You are given a list of cities and their populations. A weighted picker `pickCity()` must return a city with probability equal to its population divided by the total population, using O(n) preprocessing and O(log n) per pick. The standard implementation builds the prefix sums of the populations, draws a uniform integer `r` in [1, total], and binary-searches for the first city whose cumulative population is >= r. City i then 'owns' exactly `population[i]` of the `total` integer draw values, which is precisely its target probability. Because the random draw itself is not deterministic, this problem asks you to implement the **verifiable core**: `pickCityForDraw(cities, populations, r)` — given the draw value `r`, return the city it maps to (or None if `r` is out of range or the total is 0).
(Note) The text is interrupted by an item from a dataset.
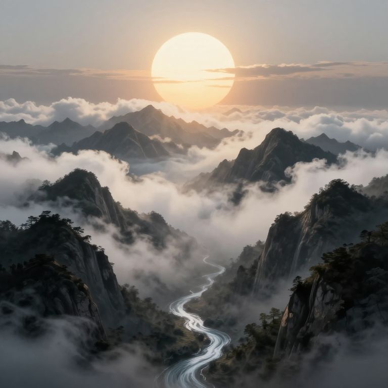 Photograph of a breathtaking mountainous landscape at sunrise. The sun, a bright golden orb, is partially obscured by clouds, casting a warm glow. Below, dark, jagged mountain peaks rise through a thick layer of mist and clouds. A winding, silver river snakes through the valley, reflecting the sunlight. The mountains are covered in sparse, dark green trees. The overall color palette includes warm yellows and oranges from the sun, cool whites and greys from the clouds and mist, and dark greens and browns from the mountains and trees. The scene evokes a sense of tranquility and awe.

Get this right and wrapping it with a uniform RNG over [1, total] yields the full weighted picker. Follow-ups to discuss: validating randomness (chi-squared / empirical frequency tests), avoiding precision loss on huge totals (use integer draws, not floats), and supporting dynamic updates (a Fenwick/BIT or balanced BST over weights gives O(log n) update + pick; an alias table gives O(1) pick but O(n) rebuild on updates).

Constraints

  • 1 <= n <= 10^5 cities
  • 0 <= population[i]; populations and cities are parallel arrays of equal length
  • 1 <= r <= total = sum(populations) for a valid draw; otherwise return None
  • Cities with population 0 must never be selected

Examples

Input: (['NYC', 'LA', 'SF'], [3, 2, 1], 1)

Expected Output: 'NYC'

Explanation: NYC owns draws 1..3; r=1 is the lower boundary of NYC.

Input: (['NYC', 'LA', 'SF'], [3, 2, 1], 3)

Expected Output: 'NYC'

Explanation: r=3 is the upper boundary of NYC's range (1..3).

Input: (['NYC', 'LA', 'SF'], [3, 2, 1], 4)

Expected Output: 'LA'

Explanation: LA owns draws 4..5; r=4 is its lower boundary.

Input: (['NYC', 'LA', 'SF'], [3, 2, 1], 5)

Expected Output: 'LA'

Explanation: r=5 is LA's upper boundary.

Input: (['NYC', 'LA', 'SF'], [3, 2, 1], 6)

Expected Output: 'SF'

Explanation: SF owns only draw 6 (its single unit of population).

Input: (['Solo'], [10], 7)

Expected Output: 'Solo'

Explanation: Single city owns the entire range 1..10.

Input: (['A', 'B'], [5, 5], 5)

Expected Output: 'A'

Explanation: Equal weights; r=5 is the last draw of A's range (1..5).

Input: (['A', 'B'], [5, 5], 6)

Expected Output: 'B'

Explanation: r=6 is the first draw of B's range (6..10).

Input: (['A', 'B', 'C'], [0, 4, 0], 1)

Expected Output: 'B'

Explanation: Zero-weight cities A and C are skipped; only B can be selected.

Input: (['A', 'B'], [1, 1], 3)

Expected Output:

Explanation: r=3 exceeds total=2, so the draw is out of range -> None.

Hints

  1. Build a prefix-sum array where prefix[i] = population[0] + ... + population[i]; city i owns the half-open count range (prefix[i-1], prefix[i]].
  2. For a draw r, you want the FIRST index whose prefix sum is >= r — that is exactly bisect_left on the prefix array.
  3. Use integer draws over [1, total] rather than a float in [0, 1) to avoid precision loss when totals are huge.
  4. A zero-population city contributes no new range (its prefix equals the previous one), so bisect_left naturally skips it — never selecting it.
  5. For dynamic updates, replace the static prefix array with a Fenwick tree (BIT): O(log n) point update and O(log n) weighted search.